> **Your task**: Below are the records; repeat exactly their lines between the line holding "Kartáček pracuje na" and the line holding "Stock up on", inclusive, skipping the pictures.

> **Given records**:
*****

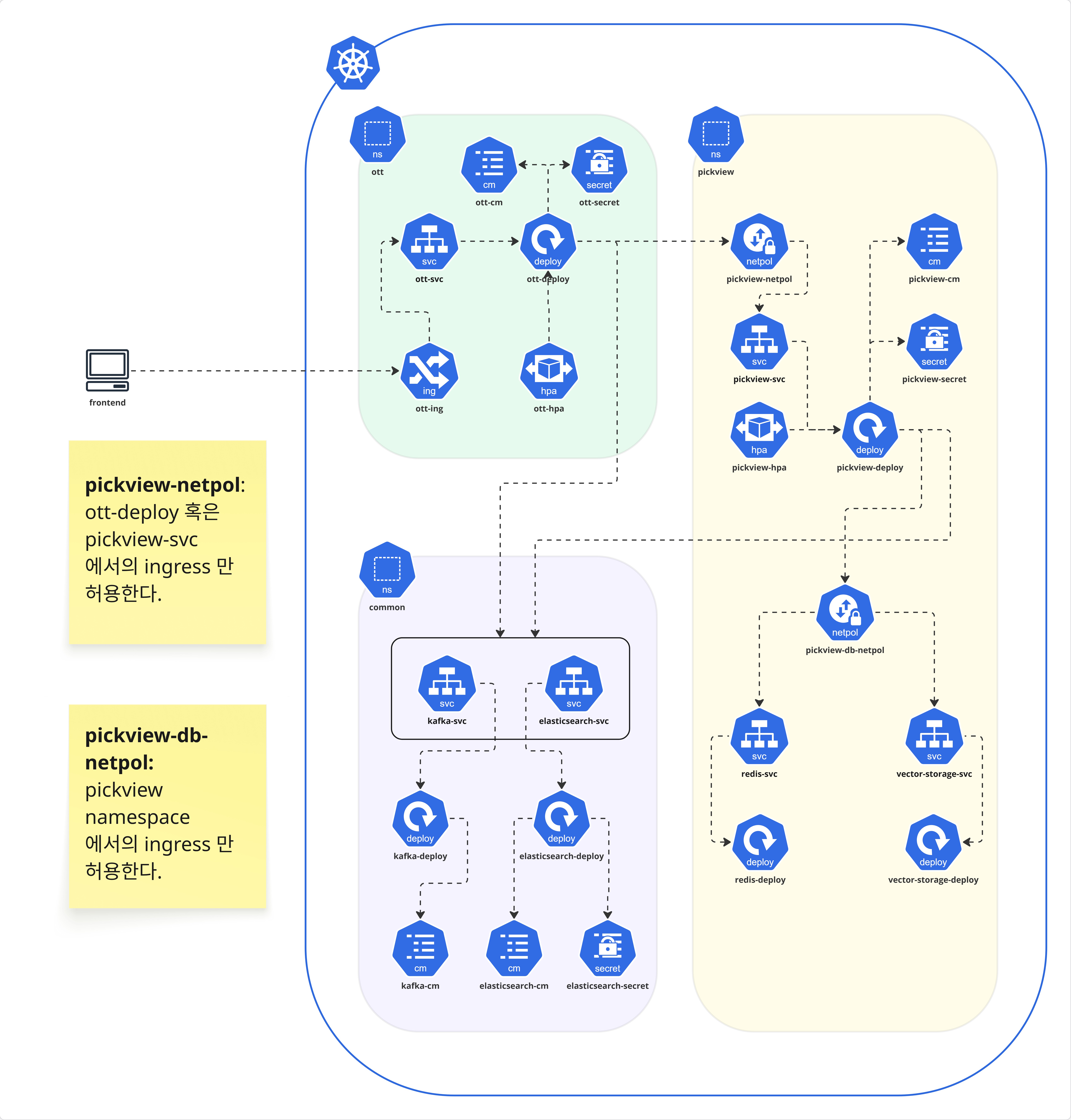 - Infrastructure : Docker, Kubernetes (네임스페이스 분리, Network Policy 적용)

*****

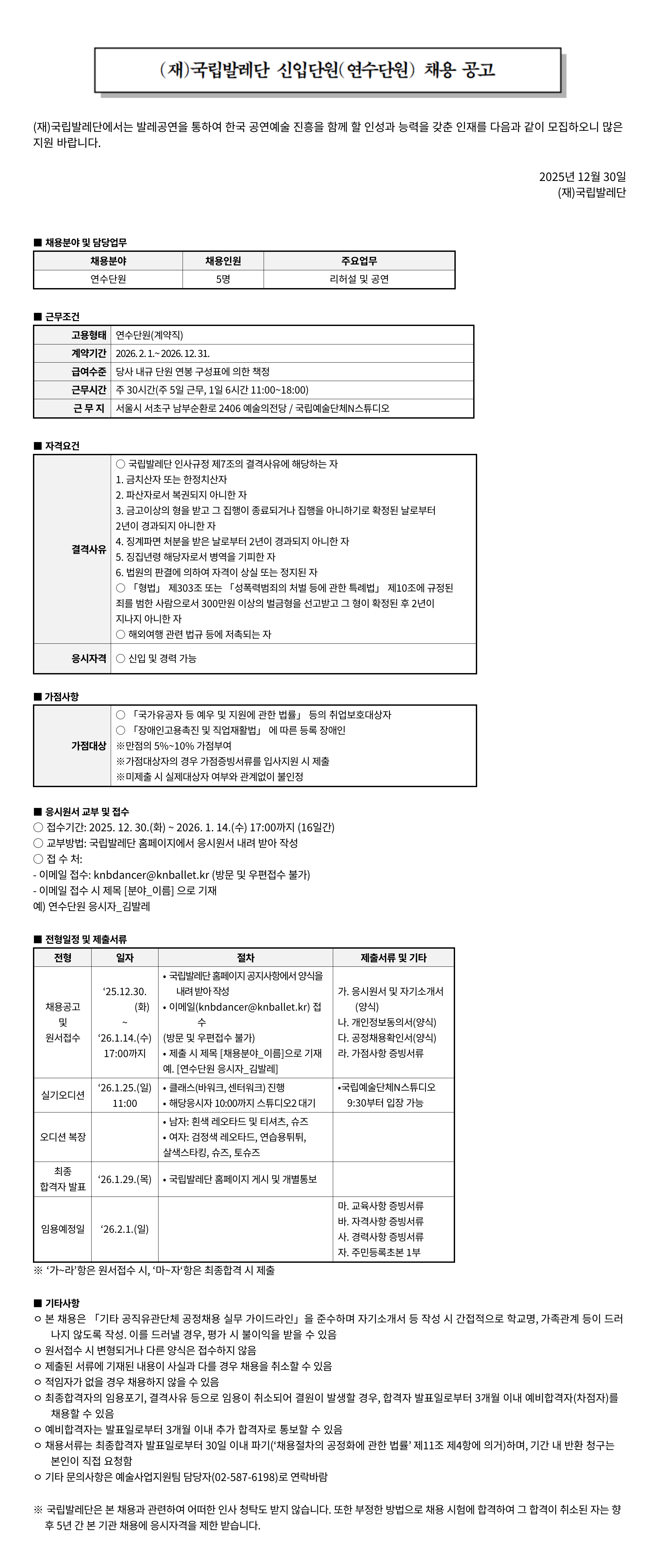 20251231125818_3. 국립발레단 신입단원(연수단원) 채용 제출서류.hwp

*****

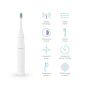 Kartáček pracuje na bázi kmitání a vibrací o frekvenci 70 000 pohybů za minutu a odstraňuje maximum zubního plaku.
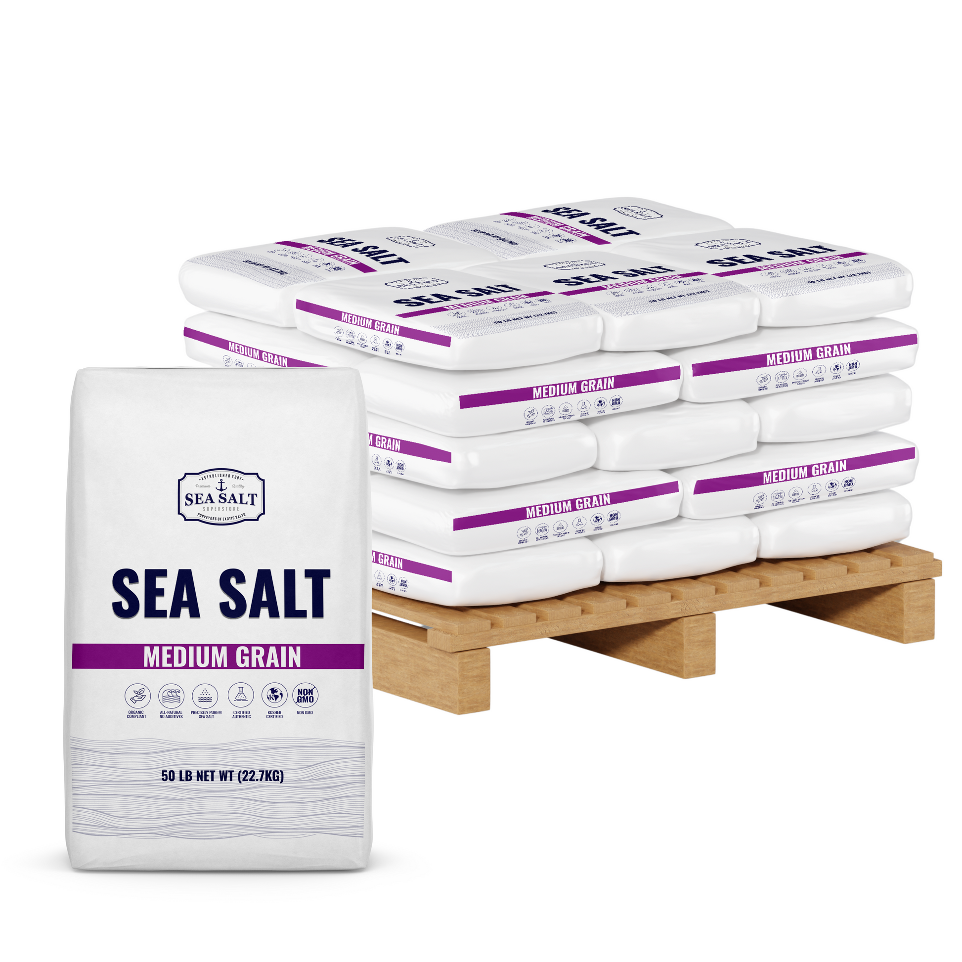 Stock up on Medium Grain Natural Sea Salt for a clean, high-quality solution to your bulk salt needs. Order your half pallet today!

*****

> **Problem solution**:
 Kartáček pracuje na bázi kmitání a vibrací o frekvenci 70 000 pohybů za minutu a odstraňuje maximum zubního plaku.
 Stock up on Medium Grain Natural Sea Salt for a clean, high-quality solution to your bulk salt needs. Order your half pallet today!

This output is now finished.